Abstract
Purpose :
The iris stroma in patients with a history of primary angle-closure glaucoma (PACG) is known to contain more collagen and be mechanically stiffer than that of healthy individual. Since in many types of cells, nuclear deformation is involved in collagen gene expression and protein synthesis, the purpose of this study was to identify how the nuclear shape in iris stromal cells alters with pupillary responses.
Methods :
A three-dimensional (3-D) multi-scale finite-element (FE) model of the iris was generated based on the quantified microstructural parameters using small angle light scattering technique. The model was verified using experimental porcine data (Exp Eye Res, 89: 456-461). Miosis was simulated by assigning an active muscle contractile stress to the sphincter region of the iris. Incompressible 3-D ellipsoids with an average nuclear aspect ratio (NAR) of 2.0 were considered as the initial stromal cell nuclei. We then computed the deformed nuclear shapes based on the predicted extracellular matrix (ECM) deformation.
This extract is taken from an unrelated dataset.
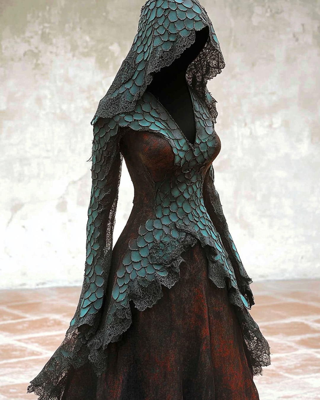 Women's Scale Embroidered Lace Paneled Witch Gothic Dress 2391
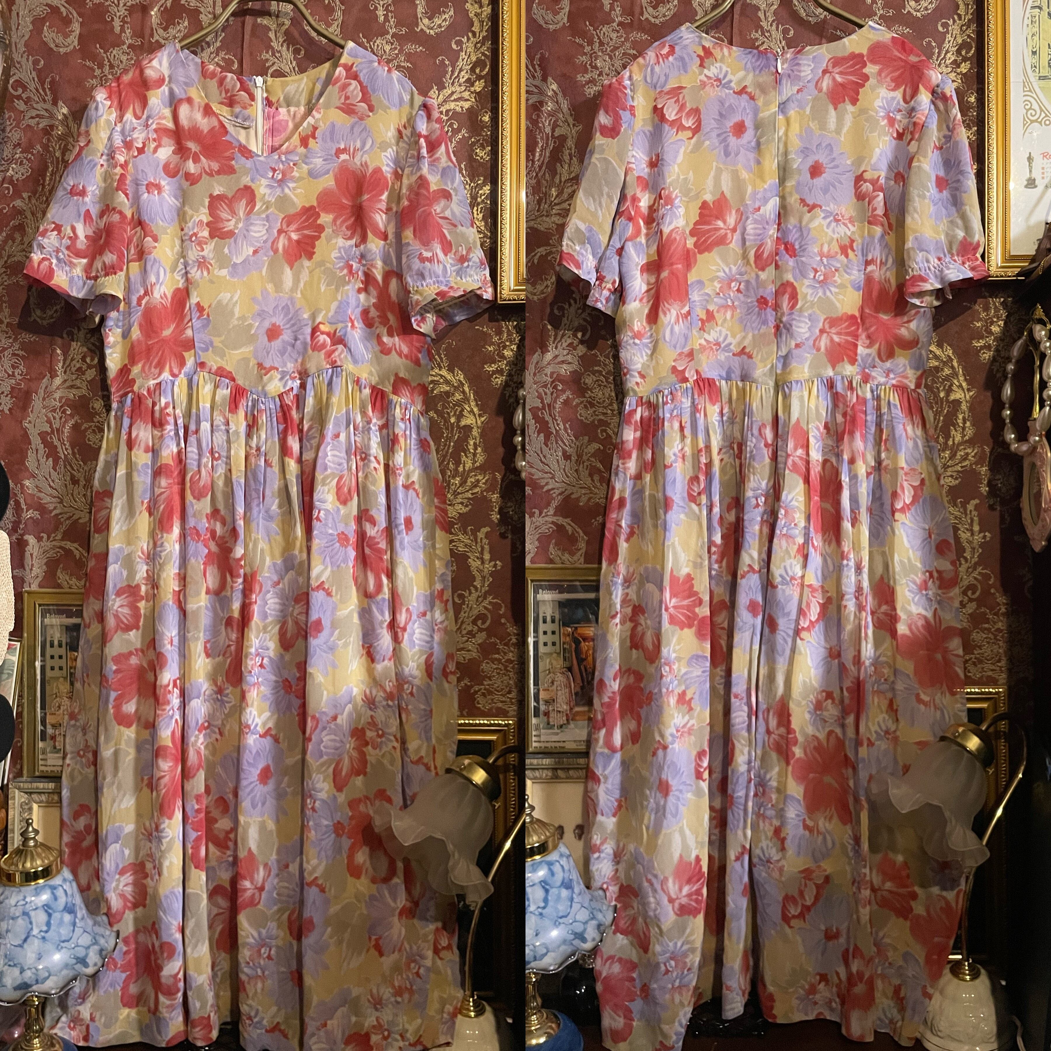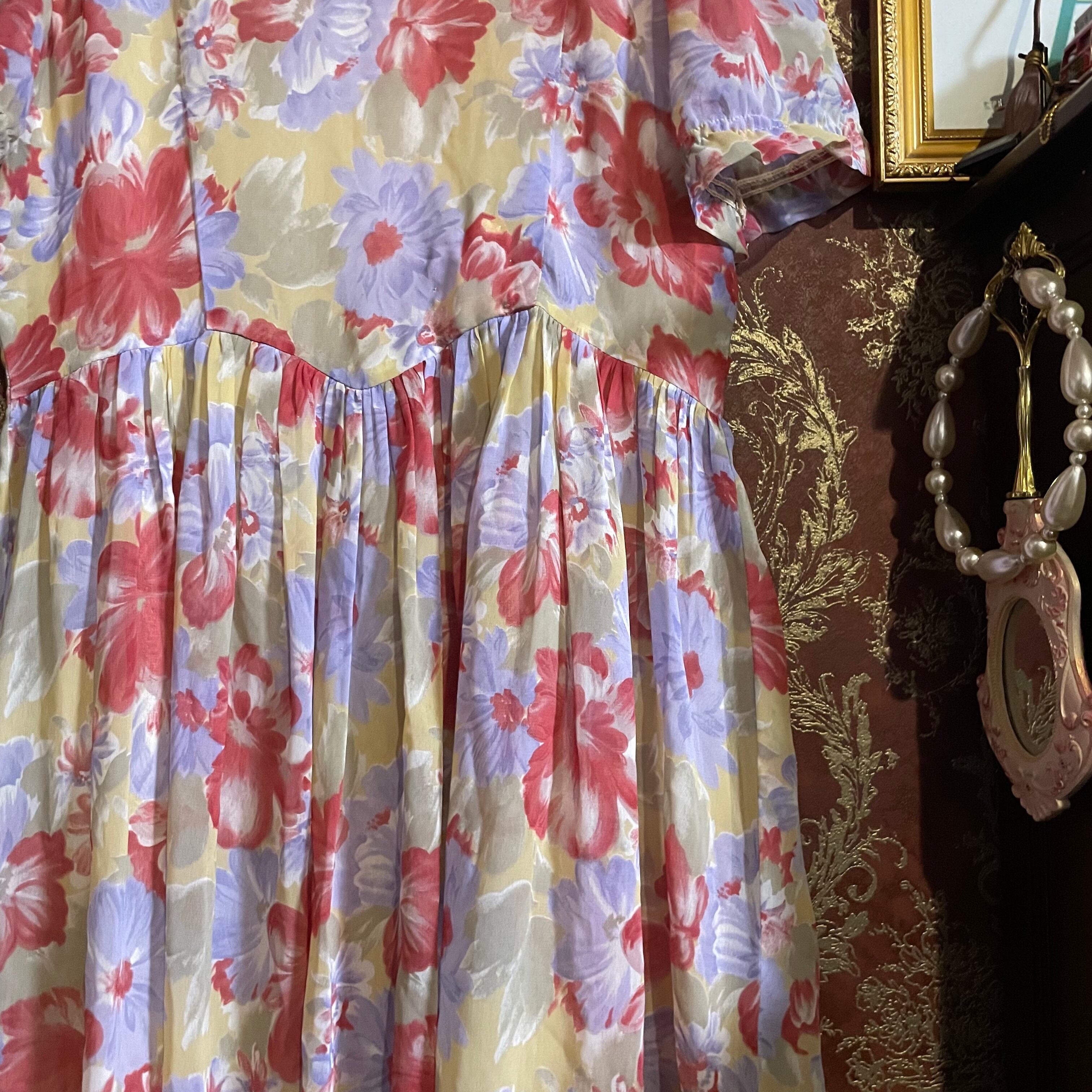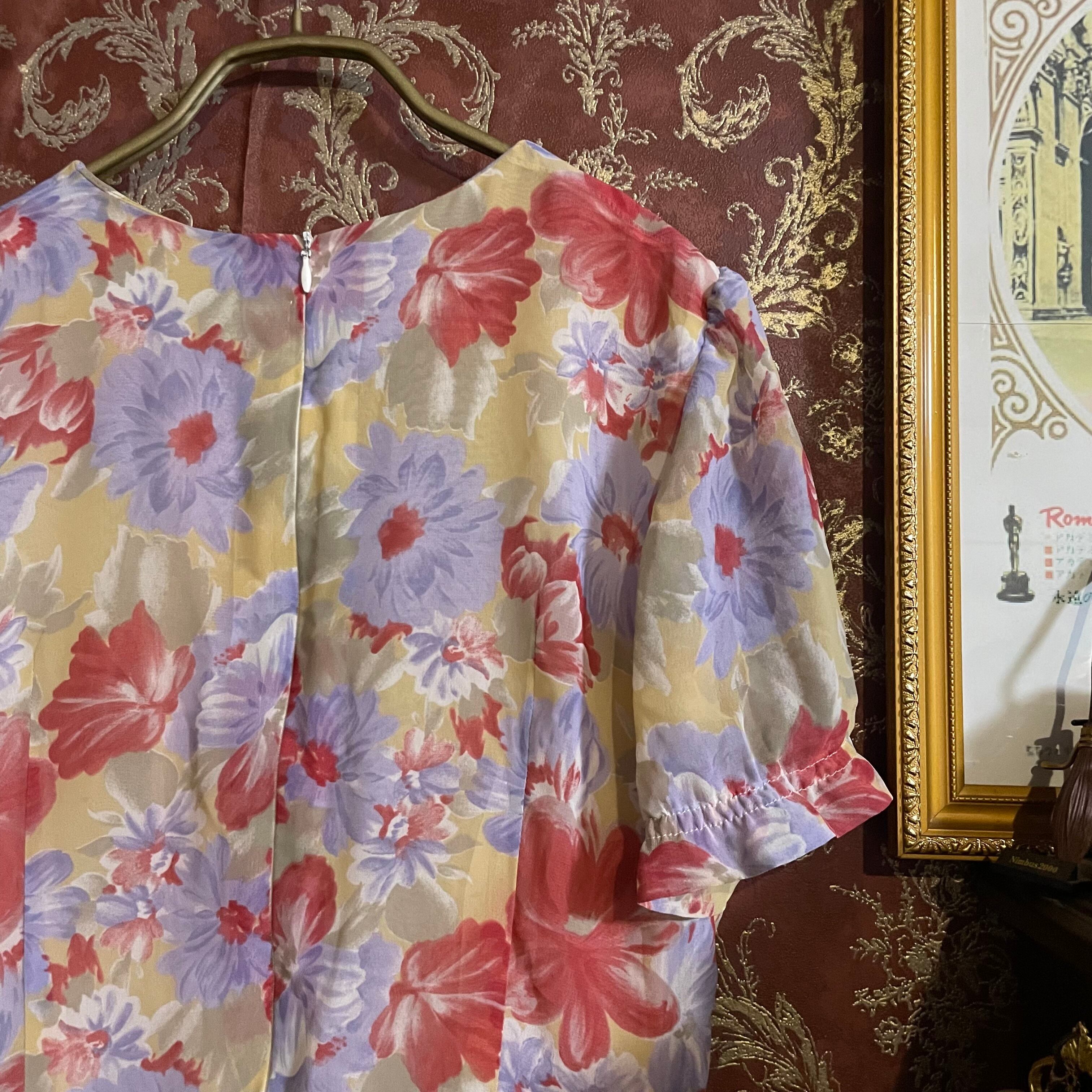 柔らかなくすみイエロー地にラベンダー、ピンク、レッドのくすみカラーで統一された大きな花柄が印象的な、レトロムード漂う半袖ワンピースです。

The simulations were performed on an HP Intel Xeon machine at the Ohio Supercomputing Center (Columbus, OH).
Results :
When the pupil diameter constricted from 6.3 mm to 5.1 mm, the NAR value of the nuclei—initially aligned with the main direction of the ECM fibers—increased from 2.0 to 2.63 (Fig. 1). The changes in the NAR values eventually decreased with deformation as the ECM fibers became less crimped.
Conclusions :
Nuclear configuration, closely linked to ECM fiber architecture, varies in response to miosis. Our multi-scale modeling approach will help us understand the relationship between iris stiffening and iris stromal cell nuclear deformation, potentially providing mechanistic clues of why the iris may become stiffer in certain angle-closure suspects and PACG patients.
This is a 2020 ARVO Annual Meeting abstract.